Artificial intelligence is transforming marketing from a set of point solutions into an integrated capability that reshapes customer experience, operational efficiency, and strategic decision-making. Leaders across sectors are moving beyond proofs of concept to operationalize AI across the customer lifecycle, embedding analytics into campaign orchestration, personalization, and recommendation processes. This shift is driven by improved model maturity, richer customer signals, and increasingly accessible compute, which together enable more precise targeting and real-time adaptation.

As a result, marketing organizations are recalibrating workflows, skill sets, and vendor relationships. Data engineering, model governance, and measurement practices are growing in importance, and teams that can combine technical proficiency with commercial insight gain a meaningful edge. Meanwhile, privacy and regulatory expectations are prompting new approaches to consent management and explainability, which inform both product choices and vendor selection.

In this context, executives must view AI in marketing as both a capability and a program: a capability that augments creative and operational roles, and a program that requires governance, investment sequencing, and cross-functional alignment. The following sections summarize pivotal landscape shifts, tariff impacts, segmentation intelligence, regional dynamics, vendor behaviors, recommended actions for senior leaders, and the methodology used to derive these findings.

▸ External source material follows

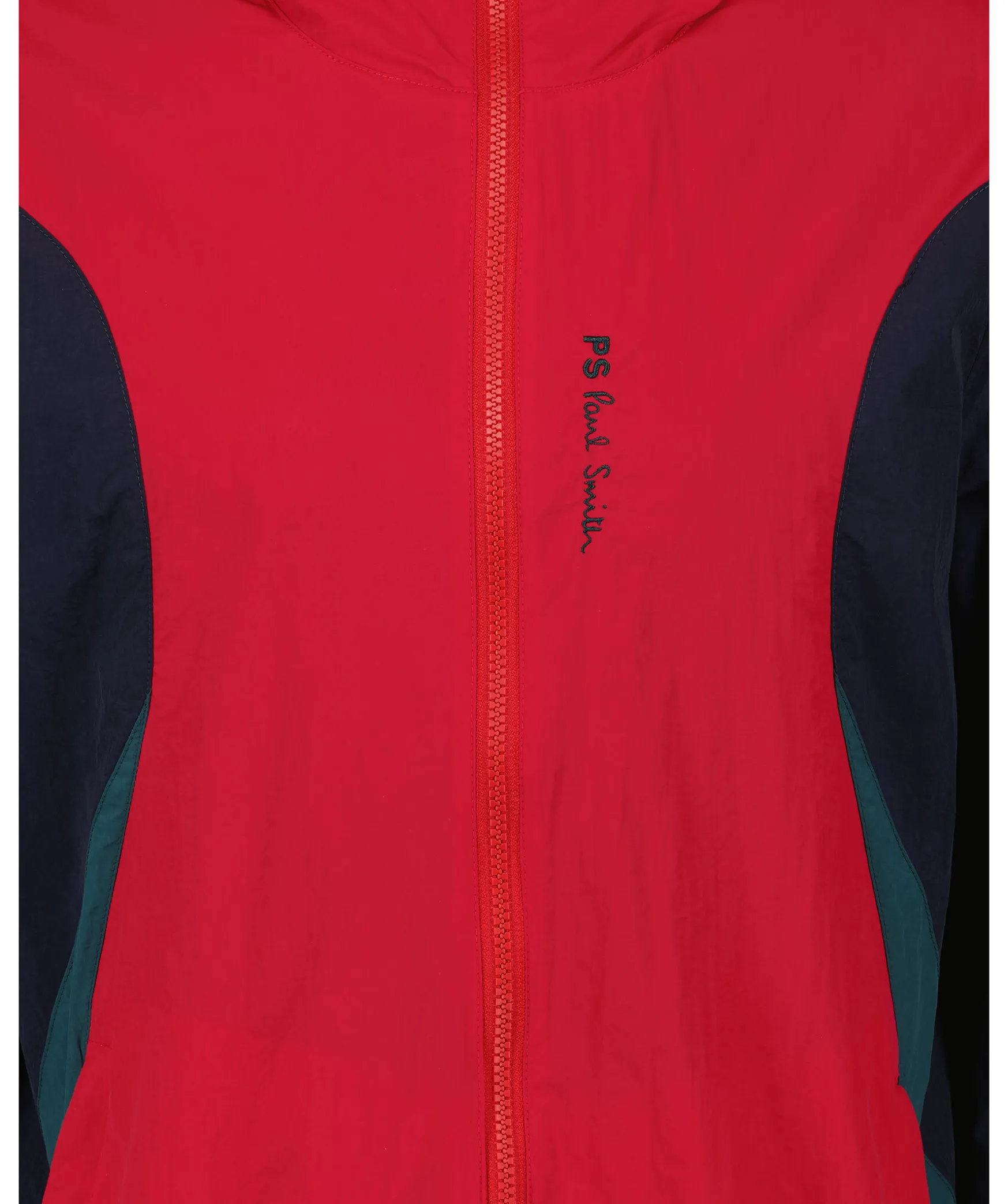 Rod, Beige Och Morkbla Jacka Fran Ps Paul Smith. Stangs Framtill Med Dragkedja. Broderad Logotyp Pa Vanster Brost. Tva Fickor Framtill Som Stangs Med Dragkedja. Justerbart Armslut Med Kardborre. Luva Med Resar.
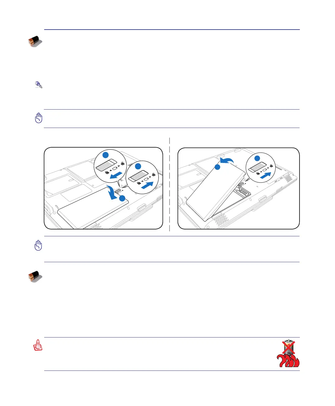 WARNING! For safety reasons, DO NOT throw the battery in re, DO NOT

Emerging structural shifts in marketing technology stacks and customer engagement models that are reshaping vendor ecosystems and buyer priorities

Over the past 24 months the marketing technology landscape has experienced several transformative shifts that are redefining vendor strategies and buyer expectations. First, the consolidation of data sources and the rise of platform approaches have reduced friction for enterprises seeking end-to-end campaign orchestration, turning once-discrete tools into interconnected stacks that emphasize interoperability and unified measurement.

Second, model-driven personalization has evolved from rule-based targeting to continuous, algorithmic optimization. Marketers increasingly favor adaptive personalization engines that learn from real-time signals rather than static segmentation, enabling dynamically tailored journeys that respond to context. Third, the proliferation of multimodal conversational interfaces - incorporating text, visuals, and voice - is changing where and how brands engage customers, expanding the remit of chatbots beyond simple FAQ resolution to sales assistance and complex service interactions.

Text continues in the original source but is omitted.